Starting your baby on solid food can often seem like more of an art than a science. There's no “right” way to go about feeding, and you'll get helpful advice from your doctors, friends, and parents. The discouraging part is that most of what you'll hear will directly conflict with something else you've read or been told! This book will navigate these waters with sound, simple reasons for introducing or delaying some particular foods.
Remember, your baby's first foods don't have to be bland and boring, so forget about serving rice cereal at every meal. While grains are a wholesome part of a baby's diet, they don't need to be the staple of your young one's existence. You'll learn to make your own baby rice and baby oatmeal, but cooking for your baby goes far beyond these basics.
As you'll soon find out, cooking for your baby can be as simple or as complex as you want it to be. Many recipes in this cookbook require only one ingredient, which is exactly how it should be in the early days of your child's life — no one wants their baby eating strange preservatives with names too long to pronounce. This cookbook does away with all those “extras” and will teach you how to serve fresh, healthful meals every day of the week.
Any good cookbook will help you create a variety of meals. What's unique about this book is that everything is tailored to simple, healthful foods that can be prepared quickly and easily. No running to the market for some odd ingredient that's only grown in one tiny corner of the universe!
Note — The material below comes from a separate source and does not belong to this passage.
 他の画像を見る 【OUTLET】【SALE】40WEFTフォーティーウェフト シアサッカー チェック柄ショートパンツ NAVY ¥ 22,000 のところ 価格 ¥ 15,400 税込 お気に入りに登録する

With a few exceptions (such as homemade grape juice, soy milk, and yogurt), these recipes are easy, they make sense, and they can be fed to the entire family. Plus, you'll feel good about what you're feeding your growing baby!
In particular, this book includes recipes that are easily scalable so that you can make full-fledged meals for the rest of the family. Just take out a portion for your baby, then add spices and other flavorings to the rest of the meal to make it enjoyable for adult palates. These recipes may encourage your entire family to try flavor combinations or healthy ingredients that weren't part of your former cooking repertoire.
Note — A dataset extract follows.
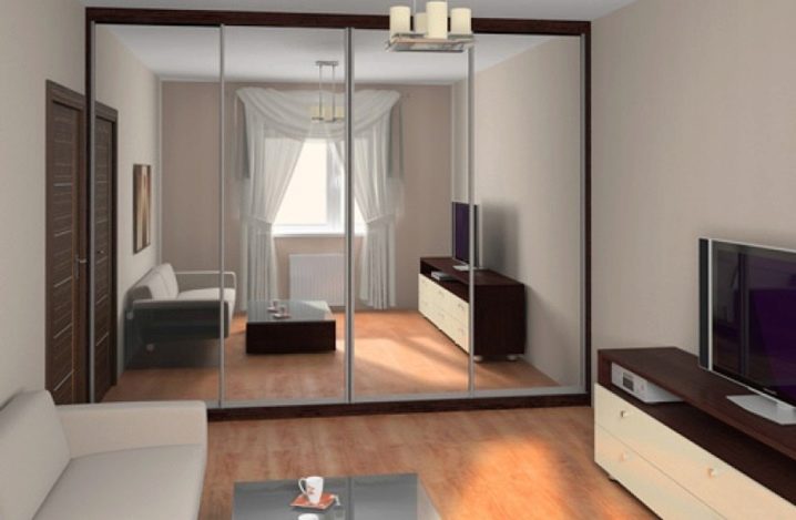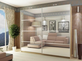 على سبيل المثال ، إذا تم تركيب خزانة ملابس كبيرة في شقة ، فإن أبعادها ستخفي مساحة ثمينة. ولكن نظرًا للأبواب ذات المرايا ، ستزداد أبعاد مساحة الغرفة بصريًا.

Also included are nutritional tips about why particular foods have been chosen or paired in the recipes. For example, some nutrients are better absorbed when taken in combination with other foods — vitamin D helps your body absorb calcium, for instance, and beans and rice together make a complete protein. Some ingredients, such as parsnips or kiwi fruit, may seem exotic, but your baby doesn't know that! They're chock-full of vitamins and other nutrients. So try them, and you and your baby may discover a new favorite together.
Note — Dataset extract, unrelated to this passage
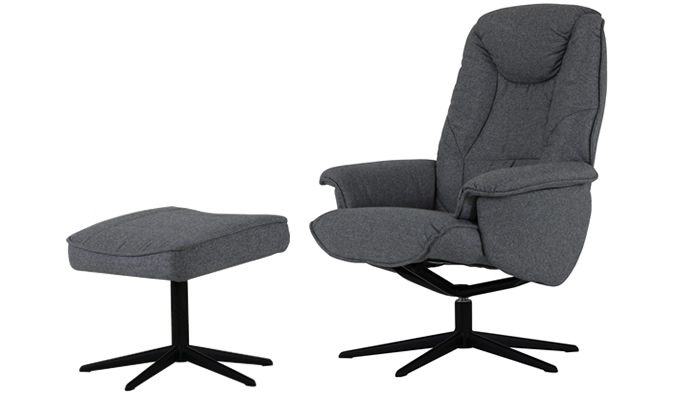 ☆ 2 WEEK DELIVERY ☆ Manual Swiwel chair with adjustable backrest and stool in grey fabric. Eelegant star base in black.

It's important to get your baby used to eating a wide variety of foods, textures, and tastes in her first few years. Studies have shown that good, healthy eating habits need to start early. Many toddlers become picky when they reach two or three years old, but if you've had your child eating a wide range of foods, she'll be more likely to choose a few healthy ones later in life. Your child's first few years represent an important window of opportunity to establish healthy patterns that can help sustain your child for the rest of her life. So get that food processor ready, and prepare to purée!